Update: When I originally wrote this essay, the new hotness in management was self-management. I believed that “self-management” was a mirage and I published a call-to-arms for something I believe in: servant leadership.

Recently, I’m seeing “servant leadership” everywhere. But, like “remote work” everyone seems to have a different definition of it, so let me take a moment to drill down on what servant leaders provide.

Servant leaders…

  • hold the organization responsible for documenting a compelling, strategically sound vision for its own future
  • provide support to the people bringing that vision to life
  • find ways to detect if the org is making progress toward that vision
  • give decision-making power to the people closest to a problem

But there’s one more very important service they provide. Those four services work fine under the normal run of things, but when ambiguity shows up, we need servant leaders most of all. The nature of work is that the obvious decisions become policy. Organizational background noise. Before long, all consequential decisions become ambiguous trade-offs. And these often get escalated to managers.

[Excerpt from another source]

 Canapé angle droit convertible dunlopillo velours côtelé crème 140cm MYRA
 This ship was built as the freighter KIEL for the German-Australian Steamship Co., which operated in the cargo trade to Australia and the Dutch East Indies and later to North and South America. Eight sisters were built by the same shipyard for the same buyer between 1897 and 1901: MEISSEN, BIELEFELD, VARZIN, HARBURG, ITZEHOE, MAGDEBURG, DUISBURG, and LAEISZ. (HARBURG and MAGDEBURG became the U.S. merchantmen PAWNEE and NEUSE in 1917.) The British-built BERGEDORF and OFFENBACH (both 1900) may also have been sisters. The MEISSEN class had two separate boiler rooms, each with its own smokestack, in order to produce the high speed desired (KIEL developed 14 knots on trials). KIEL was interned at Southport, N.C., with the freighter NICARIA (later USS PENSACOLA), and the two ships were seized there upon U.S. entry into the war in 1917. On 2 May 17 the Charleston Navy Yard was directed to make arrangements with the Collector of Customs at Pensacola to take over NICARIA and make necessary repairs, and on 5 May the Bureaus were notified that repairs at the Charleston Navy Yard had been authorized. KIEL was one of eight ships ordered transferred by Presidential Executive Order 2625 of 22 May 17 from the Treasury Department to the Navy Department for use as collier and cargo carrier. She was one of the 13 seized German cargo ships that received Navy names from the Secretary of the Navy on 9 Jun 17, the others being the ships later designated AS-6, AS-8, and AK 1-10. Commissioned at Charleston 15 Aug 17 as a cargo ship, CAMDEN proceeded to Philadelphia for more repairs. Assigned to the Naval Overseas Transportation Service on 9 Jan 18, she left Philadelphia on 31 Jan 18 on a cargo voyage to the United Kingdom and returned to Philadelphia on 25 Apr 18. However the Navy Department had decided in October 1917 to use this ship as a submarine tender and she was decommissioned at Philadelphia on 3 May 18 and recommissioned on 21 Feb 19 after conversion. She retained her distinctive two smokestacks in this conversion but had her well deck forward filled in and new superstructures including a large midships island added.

As a servant leader, when a call gets escalated, your first step is clear: Say, “Why are you asking me, who knows less than any of you about this topic? Go make the decision yourselves and let me know what you decide.”

This usually works; soon people will stop coming to you when they realize they can’t use you to settle arguments. Then, the only decisions that bubble up to you are the ones where there’s two or more equally sound options, each with its own cost, each with its own chance of failure.

Here’s what Jim Barksdale, former Netscape CEO said about these situations:

If we have data, let’s look at data. If all we have are opinions, let’s go with mine.

You just have to love this quote. So perfect, so Promethean. It’s the perfect blend of cut-through-the-bullshit scientist and cut-through-the-bullshit manager. It’s also structured like a joke, with a setup and a great pay-off at the end.

If you imagine this mythical Barksdale guy, he probably looks like a no-nonsense anchorman with a bootbrush hairline and gravitas out the wazoo. And you’re not far off the mark.

Gravitas out the wazoo.

When even the CEO is servant to the data, we see the tantalizing prospect of eliminating leaders altogether. Self-management. If we just measure rigorously, data and decision-making become one. No bosses, no messy opinions, just science and clarity.

Nope. That never actually works in practice.

Barksdale is actually saying, “Get all the info you can, and if the right answer is still unclear, it’s my job as CEO to make a call, and take the blame if the call is wrong.”

And here’s where we get to the one essential service you provide the people you manage in a servant leadership organization:

You fail for them.

Any high-school quarterback can tell you that when you win, it was the hard work of your offensive line, who gave you all that time to connect with your fast receivers. And when you lose, it’s your fault. When the people you manage bring you a tough call, and you choose right, they get the credit. When you choose wrong, you get the blame. And it’s OK, pookie. That’s what you’re here for.

So, let’s look at this brutal calculus:

All the important decisions of the business…

minus those that can be answered with readily available data

minus those that can be answered with easily collected data

minus those that have consensus

minus the successes, which rightly go to the team.

What’s left is a big soup of wrongness, failure, mistakes.

Do that and have it not kill you, then show up tomorrow and do it again. That’s being a servant leader. That’s what you sign up for.

Good leaders insure our losses and give us our gains. When you work for a true servant leader, you’re playing with house money, and that’s a pretty sweet place to be.